Что же произошло после того, как папуасы, закончив охоту, собирались основательно подкрепиться и отправиться в путь? А вот что. Жаркое было уже готово, охотники, присев на корточки, весело переговаривались, подсчитывая, сколько топориков, наконечников, стеклянных бус и, главное, сколько бутылок огненной воды они получат в обмен на птиц солнца от малайских торговцев. Вдруг в лесу послышался шум. В мгновение ока все вскочили и схватились за луки. Шум приближался, можно было подумать, что бежит дикий зверь, за которым по пятам гонятся охотники. И вот из леса выскочил испуганный, с трудом переводящий дыхание туземец, с выпученными глазами, весь в поту. Зажимая рукой на груди рану, из которой текла кровь, он кинулся к Узинаку.
— Гуни!.. Гуни!.. (Пираты!.. Пираты!..) — задыхаясь, прохрипел туземец и упал на землю, как эллинский воин, сообщивший жителям Афин о победе над персами при Марафоне.

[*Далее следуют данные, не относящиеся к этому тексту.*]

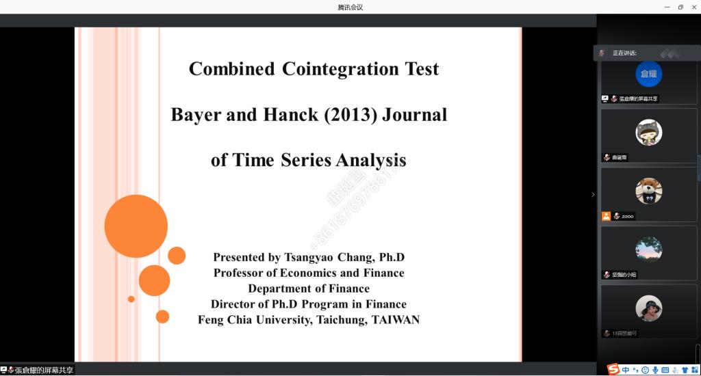 (通讯员:肖祖沔、曲诞雪)12月8日下午,由黄金娱乐城 、山东省金融产业优化与区域管理协同创新中心、山东财经大学金融国际研究中心联合举办的第14期“泰山金融学术训练营”通过腾讯会议举行,中国台湾逢甲大学财务金融学系特聘教授张仓耀老师应邀做客本次学术训练营,为师生们带来了题为“Quantile Regression – Basic Concept”的讲座,学术训练营由国际金融系主任肖祖沔主持,彭红枫院长、学院部分教师和研究生参加了本次活动。
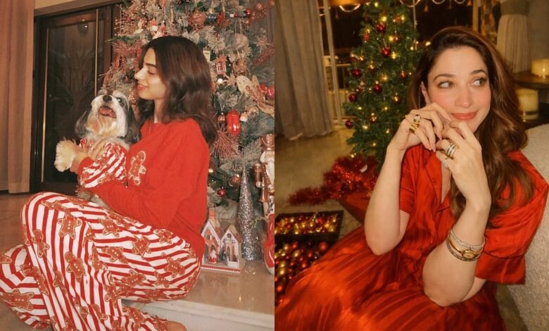 рддрдордиреНрдирд╛ рднрд╛рдЯрд┐рдпрд╛ рдиреЗ рдХреНрд░рд┐рд╕рдорд╕ 2025 рдХреЛ рдкреВрд░реА рддрд░рд╣ рд╣реЛрдо-рд╕реНрдЯрд╛рдЗрд▓ рдФрд░ рдХрдВрдлрд░реНрдЯ рдореЛрдб рдореЗрдВ рдордирд╛рдпрд╛ред рдЙрдиреНрд╣реЛрдВрдиреЗ рд╕рд┐рд▓реНрдХреА рд░реЗрдб рдкрдЬрд╛рдорд╛ рд╕реЗрдЯ рдкрд╣рдирдХрд░ рдХреНрд░рд┐рд╕рдорд╕ рдЯреНрд░реА рдХреЗ рдкрд╛рд╕ рдкреЛрдЬрд╝ рджрд┐рдПред
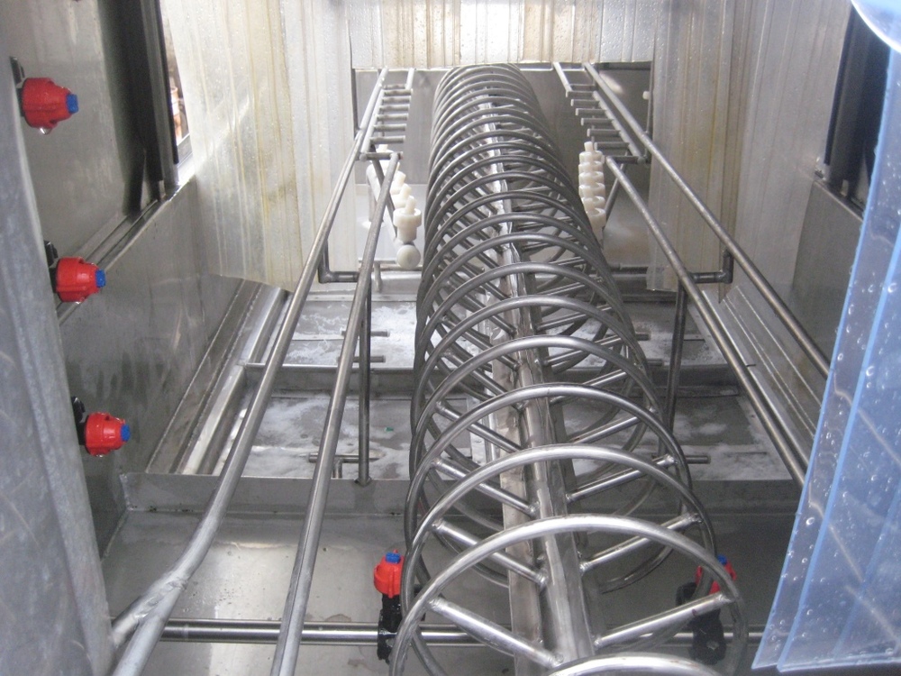Данная машина предназначена для мытья и ополаскивания многооборотной тары (пластиковых ящиков), применяемых в пищевой промышленности. Машина может обрабатывать ящики разных размеров с разницей в высоте до 420 мм без предварительной сортировки.
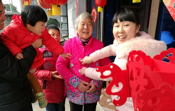 “這粉色的衣裳太喜慶了,我老太婆可穿不出去啊!64歲的諸桂娥奶奶邊試穿衣服邊開心地跟孫子的“愛心爸爸、媽媽”們說著!按髬,我們希望您穿上新衣服后福氣越來越好!
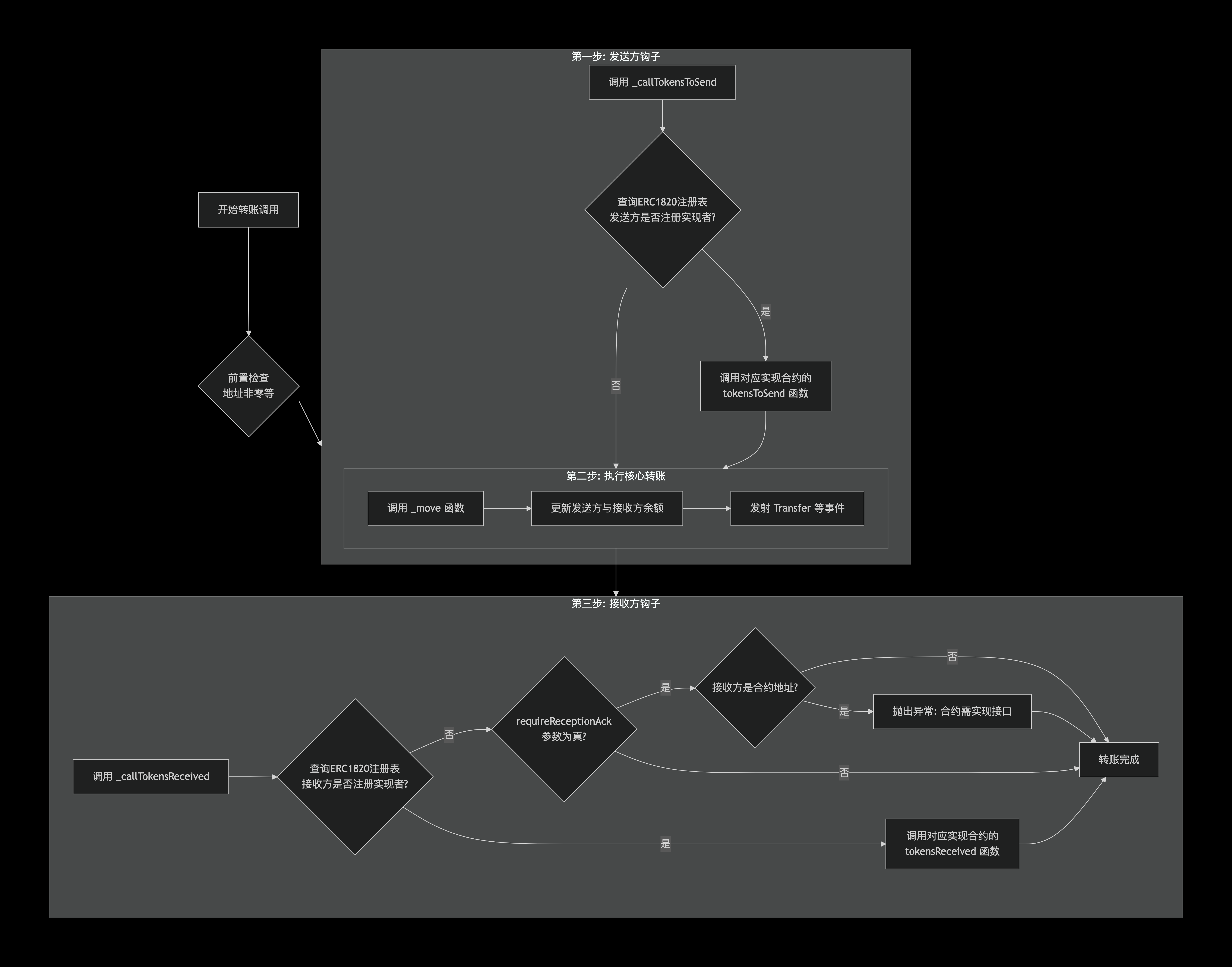 ERC777的核心转账函数(如 send, operatorSend, transfer)都遵循一个精心设计的时序逻辑,下图清晰地展示了这一过程:
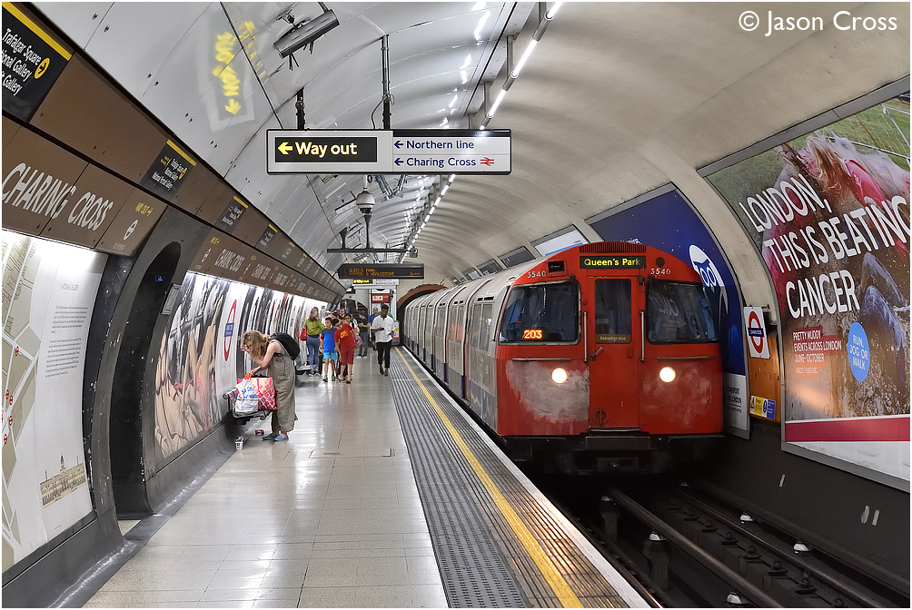 A train of 1972 Tube Stock led by 3540 arrives at Charing Cross with an Elephant & Castle to Queen's Park Bakerloo Line service. Date: 22 July 2018 Manipulation Notes: None
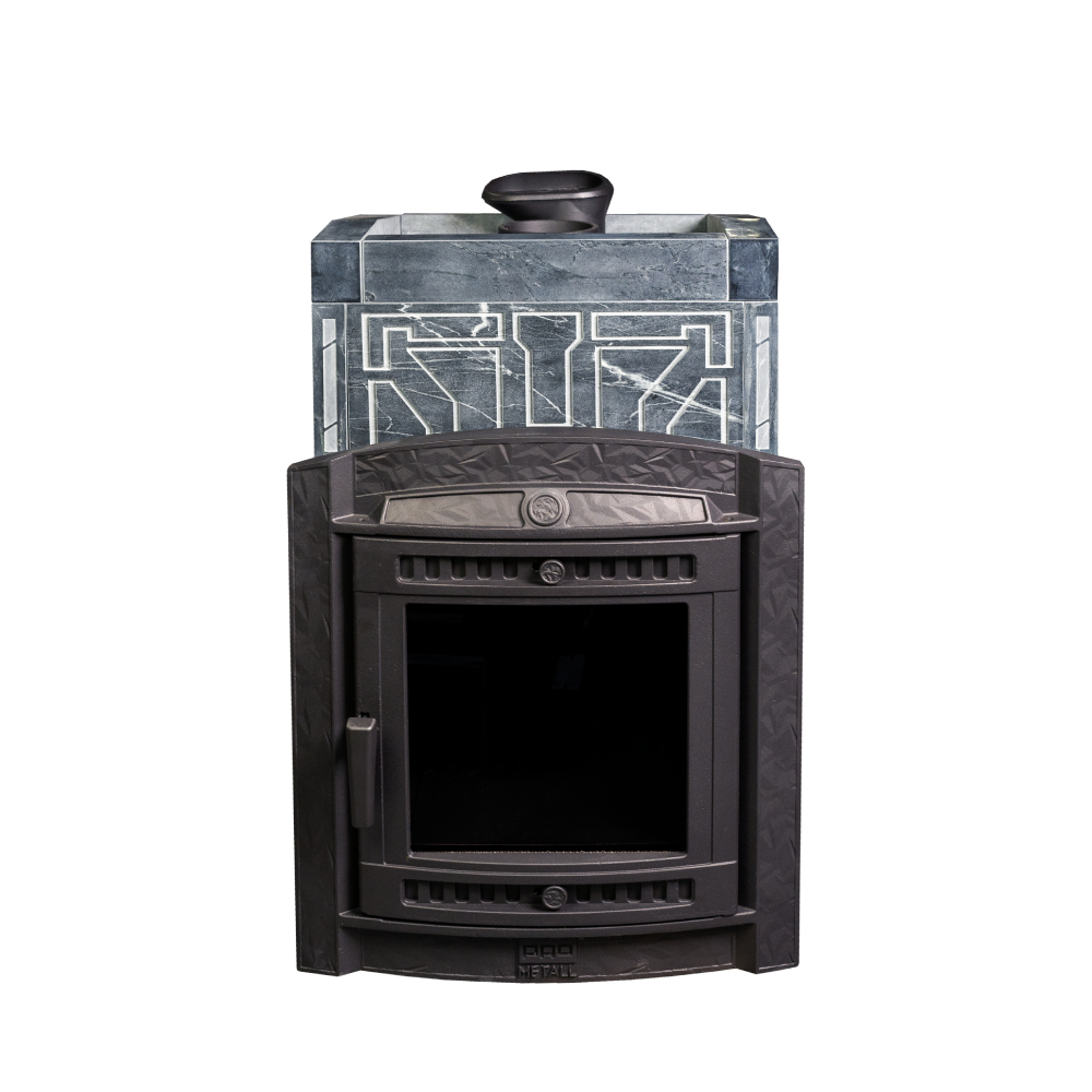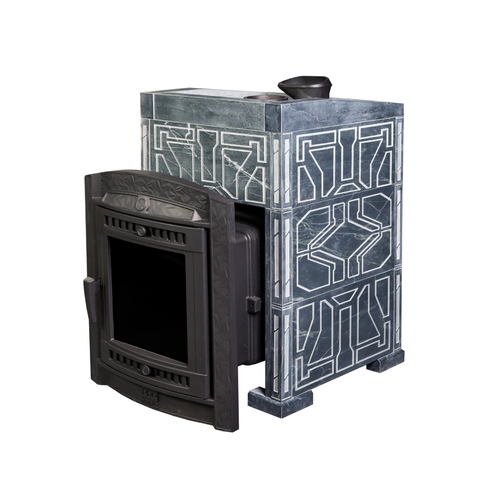 Печь банная ProMetall Атмосфера L в облицовке Талькохлорит Узор №7, дровяная, парилка 12-20 м³, объем топки 54 л, материал: нержавеющая сталь/чугун

Но, увы, на этот раз новости были куда печальнее: известие о пиратах заставило присутствующих оцепенеть на мгновение от ужаса, ибо если враги окружили деревню, то никто не сможет добраться до берега. Надо будет укрыться в лесу, спрятав в надежном месте утреннюю добычу. Быстро собравшись, весь отряд вместе с двумя европейцами и одним китайчонком углубился в лес. Через полчаса они вышли на небольшую поляну, на краю которой находился дом на сваях.
Беглецы тут же с ловкостью обезьян взобрались туда, успев захватить с собой лишь несколько кокосовых орехов и две или три грозди бананов. Времени оставалось в обрез, враг преследовал их по пятам. Вскоре он появился на поляне. Но охотники были уже вне опасности: теперь им могли угрожать лишь голод и жажда.
Мы уже говорили о свайных постройках; эти дома отличаются удивительной легкостью и прочностью, и в случае необходимости они превращаются в настоящие крепости. Для лесных построек папуасы вместо тяжелых и толстых свай используют длинные тонкие жерди; их накладывают крест-накрест, и в тех местах, где они перекрещиваются, прочно перевязывают лианами. (Те, кто видел в Америке деревянные железнодорожные мосты, перекинутые через глубокие овраги, могут себе представить, как создана опора такого дома.) На десятиметровой высоте от земли находится настил из прожилок саговых листьев, он соединяет жерди и придает устойчивость всему строению. И только метров через пять или шесть располагается настоящий пол — широкая площадка, посреди которой стоит уже сама хижина.
Попасть в это жилище, напоминающее скорее логово хищника, не так уж трудно, но вряд ли по силам первому встречному. С главной площадки, словно бакштаги на палубу корабля, под углом приблизительно в 65° спускаются очень тонкие и очень гладкие жерди, которые на пять или шесть метров не доходят до земли и упираются в первую площадку, на нее можно взобраться, цепляясь уже за другие жерди, спускающиеся вертикально.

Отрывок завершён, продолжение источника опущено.